Abstract

Prospective, randomized, single-center, clinical trial. To prospectively examine the 7- and 10-year outcomes of cervical arthroplasty to anterior cervical discectomy and fusion (ACDF). Degeneration of the cervical discs causing radiculopathy is a frequent source of surgical intervention, commonly treated with ACDF. Positive clinical outcomes are associated with arthrodesis techniques, yet there remains a long-term concern for adjacent segment change. Cervical disc arthroplasty has been designed to mitigate some of the challenges associated with arthrodesis whereas providing for a similar positive neurological outcome. As data has been collected from numerous prospective US FDA IDE trials, longer term outcomes regarding adjacent segment change may be examined.
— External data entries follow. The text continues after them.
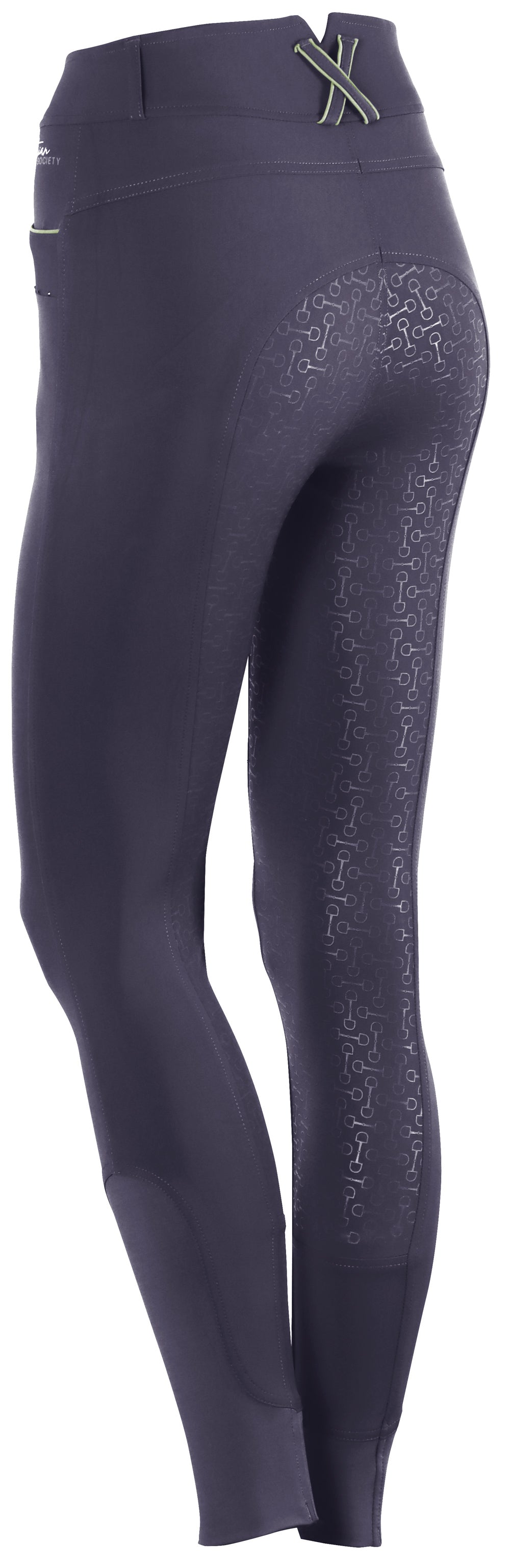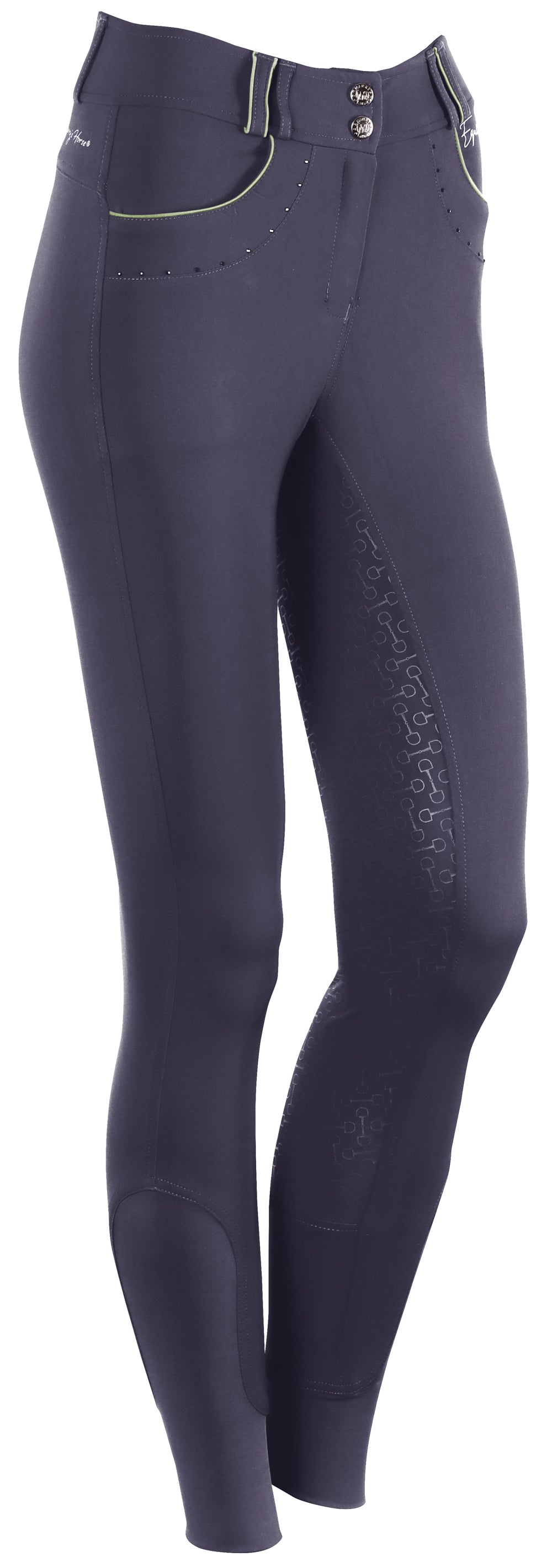 Paardrijbroek met twee steekzakken voorzien van een glitter piping en gunmetal kleurige kristallen, glitter piping op een aantal riemlussen, siliconen print op het zitvlak en een elastische inzet rond de enkels voor meer comfort in je paardrijlaarzen.
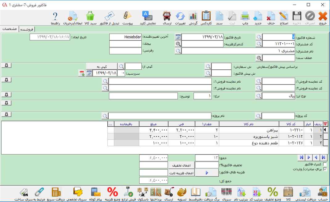 چنانچه در این فرم بر روی هر ردیف دابل کلیک کنید، فرم فاکتور مربوط به آن نمایش داده میشود.
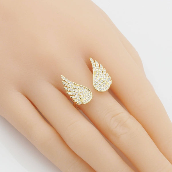 Gold CZ Angel Wing Adjustable Ring, Sku#LX225
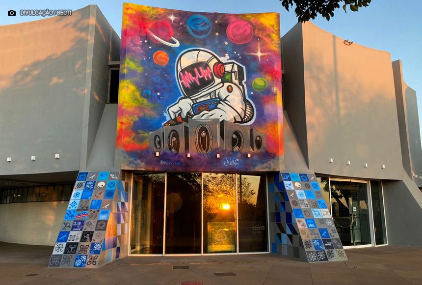 O painel, que ocupa uma das pétalas da fachada do prédio, é um legado do projeto Brasília Design Week (BDW), que tem o objetivo de valorizar a identidade brasiliense e a cadeia produtiva do design. A iniciativa promoveu uma série de ações em diversos monumentos e pontos turísticos de Brasília, como o Museu da República, a Casa de Chá e o próprio Planetário.
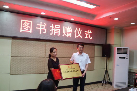 紧接着,北京人天书店集团股份有限公司董事长、北京蔚蓝公益基金会荣誉理事长邹进,为刘敏榕工作室负责人刘敏榕老师颁发荣誉证书,聘请刘敏榕老师为北京蔚蓝公益基金会高级志愿者,并联合福州大学向喀什市图书馆捐赠图书50万码洋。邹进董事长表示,将继续坚持“文化强疆,知识润疆”的理念,满足少数民族读者个性化、多元化阅读需求,丰富藏书量,用图书润疆,用知识兴疆。此外,福州大学还联合福州欣阅信息技术有限公司向喀什市图书馆捐赠60万种电子图书及管理平台。福州大学党委黄身勇副书记为喀什市图书馆授牌“福州大学刘敏榕工作室民族学生社会实践基地”,双方将在今后展开更广泛、更深入的合作。
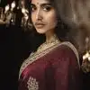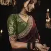 Maroon embroidered wedding saree, designed with sequin stone and zarkan work enhanced by fancy tassels. The saree comes with a contrast colour matching blouse.

As part of an FDA IDE trial, a single center collected prospective outcomes data on 47 patients randomized in a 1:1 ratio to ACDF or arthroplasty. Success of both surgical interventions remained high at the 10-year interval. Both arthrodesis and arthroplasty demonstrated statistically significant improvements in neck disability index, visual analog scale neck and arm pain scores at all intervals including 7- and 10-year periods. Arthroplasty demonstrated an advantage in comparison to arthrodesis as measured by final 10-year NDI score (8 vs. 16, P = 0.0485). Patients requiring reoperation were higher in number in the arthrodesis cohort (32%) in comparison with arthroplasty (9%) (P = 0.055). At 7 and 10 years, cervical arthroplasty compares favorably with ACDF as defined by standard outcomes scores in a highly selected population with radiculopathy. 1.